Field Epidemiology Manual Wiki

What determines our susceptibility to infections

Last modified at 11/30/2013 12:53 PM by Arnold Bosman

From the page on applied immunology we have understood that our immune system plays a vital role in determining whether or not we are susceptible  to infections. Yet other factors can play a role too, either by directly influencing susceptibility, or by influencing the immune system.


An often described fact is how a genetic disorder called sickle cell anemia enhances susceptibility against malaria infections. This disorder is caused by a single mutation in the gene that produces hemoglobin, the protein in our red blood cells that transports oxygen. At a specific location in the hemoglobin gene, only one single change is made. Since we have two copies of each of our genes (one from our mother and one from our father), it could happen that only one of these genes have this mutation, while the other gene is still 'healthy'. When that occurs, this is called a heterozygous gene. When the mutation happens in both genes this is called homozygous. People who are homozygous for the sickle cell trait, cannot produce normal hemoglobin, which leads to a form of anemia where the red blood cells lose their round shape and turn to curved 'sickles'. People who are heterozygous have a high resistance to malaria infections (though not 100%).

Similarly, resistance against norovirus occurs when in the FUT2 gene a single nucleotide is mutated, where an amino acid guanine (G) is changed for adenine (A). In this case, you need to have the mutation on both copies of the gene (homozygous) in order to be resistant to norovirus. People who are heterozygous for this mutation, are not resistant to norovirus. The down side is that homozygous FUT2 mutations in this specific example probably lead to a higher susceptibility to influenza virus.


The huge amount of microbes that live with us in and on our body affects our ability to deal with infectious diseases. Recently the intensity of infection and the success of certain parasite strains have found to be influenced by the microbiome.
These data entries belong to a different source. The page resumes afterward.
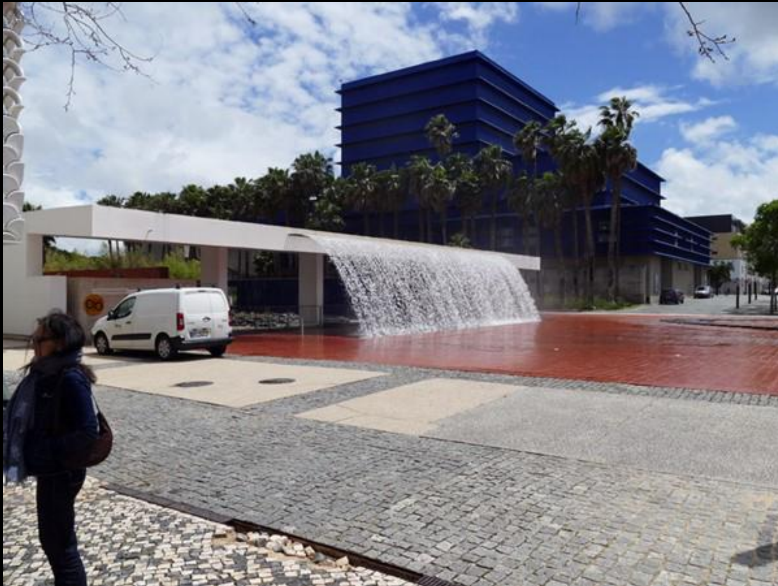
Området kring museientrén.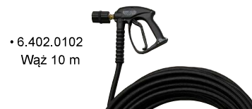
• 6.402.0102 Wąż 10 m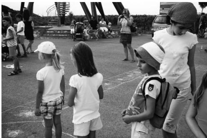
Všechno jednou končí, i předlouhé letní prázdniny. Avšak žádné smutnění, i loučení může být krásné a veselé!

Since a long time we know that vitamin A affects our suscebtibility to infections. Vitamin A deficiency impairs innate immunity by impeding normal regeneration of mucosal barriers damaged by infection, and by diminishing the function of neutrophils, macrophages, and natural killer cells. Vitamin A is also required for adaptive immunity and plays a role in the development of T both-helper (Th) cells and B-cells. In particular, vitamin A deficiency diminishes antibody-mediated responses directed by Th2 cells, although some aspects of Th1-mediated immunity are also diminished.

Social influences

Recent studies suggest that social networks (family ties, friends, colleagues) have a positive effect on our susceptibility to infections. This is notwithstanding the fact that the proximity of many people (also in our networks) increase the chance to be exposed to pathogenic microbes. In addition, social support has a positive effect too, on our ability to deal with infections. Social support includes instrumental support, which is task-related help that we may receive, such as information and tangible resources to deal with problems or challenging situations. The other part of social support is emotional support; which refers to helping people to manage their feelings, including making someone feel loved or valued. These types of support have been found to enhance immune functions.

Stress is found to be associated with poor immune function. Stress reduces our immune functions through enhancing detrimental behavior such as smoking, excessive alcohol use and lack of sleep.


  • Stephensen CB. Vitamin A, infection, and immune function. Annu Rev Nutr. 2001;21:167-92.
  • Epidemics - the Dynamics of Infectious Diseases by Dr. Marcel Salathé, Dr. Ottar N. Bjornstad, Dr. Rachel A. Smith, Dr. Mary L. Poss, Dr. David P. Hughes, Dr. Peter Hudson, Dr. Matthew Ferrari, Dr. Andrew Read.Coursera course by PennState university.